I'm Immunizing My Retirement - Here's How
This year I bought my first-ever Treasury note. I’ll outline the reasons in a minute. For the curious, the process was straightforward. I purchased my 10-year TIPS (Treasury Inflation-Protected Security) directly from the treasury through my brokerage at a recent treasury auction. Since it was through an auction, there were no transaction fees. Why did I do this? I’m trying to “immunize” my retirement. Or at least the first ten years of retirement. But first, a little background as to why.
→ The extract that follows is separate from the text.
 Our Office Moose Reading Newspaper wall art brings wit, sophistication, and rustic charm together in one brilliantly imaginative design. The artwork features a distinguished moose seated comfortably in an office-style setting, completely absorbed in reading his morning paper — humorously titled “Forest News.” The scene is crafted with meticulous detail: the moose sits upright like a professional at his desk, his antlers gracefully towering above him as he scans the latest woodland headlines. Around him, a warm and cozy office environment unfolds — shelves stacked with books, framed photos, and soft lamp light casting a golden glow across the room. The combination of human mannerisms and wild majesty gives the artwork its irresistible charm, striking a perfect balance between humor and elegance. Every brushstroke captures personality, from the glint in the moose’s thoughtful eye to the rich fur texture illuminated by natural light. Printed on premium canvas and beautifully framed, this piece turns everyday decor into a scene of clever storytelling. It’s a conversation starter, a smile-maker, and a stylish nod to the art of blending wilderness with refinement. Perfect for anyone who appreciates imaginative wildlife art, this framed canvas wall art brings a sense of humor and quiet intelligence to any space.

One of the major retirement risks is called: Sequence of Returns risk. This is when you retire during “crappy” times (that’s a technical term). Imagine that you dutifully save and invest; you’ve done everything right. Then you retire, and that year BOOM! There’s a recession and a major market drop. For example, during the 2008-9 financial crisis, the S&P 500 dropped approximately 50% at one point. Even an appropriately diversified portfolio dropped 25-30%. That can be difficult to recover from. And doubly so if you start to make retirement withdraws just as your portfolio collapses. Sequence of Returns is a significant risk, and any sound financial plan will need to take it into account. There are whole cottage industries in finance devoted to managing this particular risk. This brings me to my next thought:
The annuity puzzle. One way to manage this risk is to lay it off to an insurance company. This is what an annuity does. As with anything related to insurance, things can get complicated (and expensive) relatively quickly. But the basic product is simple, relatively cheap, and effective. It is called an Immediate Annuity. You give the insurance company a pot of money, and they give you a monthly income for life. No matter how long you live. You have just purchased a personal pension. The insurance company guarantees your new monthly income.
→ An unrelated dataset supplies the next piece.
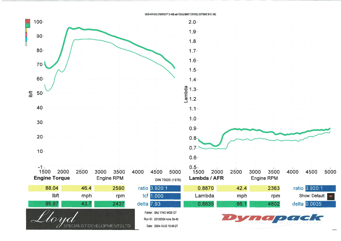 With fuelling achieving an acceptable profile attention turned to timing. As expected, the advance was found to be 10degrees, but I had some old notes on file showing that tuning 10 years previous had found 13degrees to be optimum. Sure enough, this adjustment produced a positive result and we were closing in on a good set up. The Ignition123 profile was checked and confirmed to be the MGB stage-2 curve, but Nathan felt that an alternative curve with 26degree advance at 5,000rpm was worth a try. Sure enough, this resulted in the final and significant uplift in performance for the day.

The payments that the insurance company makes to you are a combination of: 1) a return of principal, 2) interest, and 3) something called “mortality credits.” The insurance company invests your money, with many other annuity owners, in a pot of investments consisting primarily of bonds. Each payment made to you gets some of the bond interest, a small helping of the initial payment you made. Plus, you get some money from any participants who have died earlier than expected. These mortality credits give the annuity a little extra return above just investing in bonds.
Although immediate annuities are a very good solution for sequence of return risk, they are not very popular among retirees. Economists and advisors have puzzled over this for years. It turns out that people don’t like to give their principal away to an insurance company - whatever the benefit. Many retirees want to leave a legacy for their children, are charitably inclined, or hope things work out well for them. So they want to keep their investment principal intact.
I must admit that I am one of the people who would like to keep his investment principal intact. So I’ve decided to self-annuitize my first ten years of retirement. I think of this as “immunizing” the first ten years of spending I need. I just turned 55, and every year from now until 65, I plan on buying a ten-year treasury note. I will do this around my birthday - it’s an easy way to remember when to do it, plus it is a little gift to my future self. A modest amount each year, plus future Social Security payments, should guarantee me a modest yearly income. When I get there, if things look good for my portfolio, I can purchase a new ten-year note to continue my immunization program. Or if the outlook is not so good, I can use the bond principal for spending when it matures.
Compared to an annuity, this will not generate as much income each year for the amount of principal deployed; but I will get to keep control of the principal and re-deploy it if I want. I also feel it will give me a bit of peace of mind to know that I have a minimum spending level guaranteed for the first ten years of retirement. It’s not a perfect solution. But it feels like a good fit for me.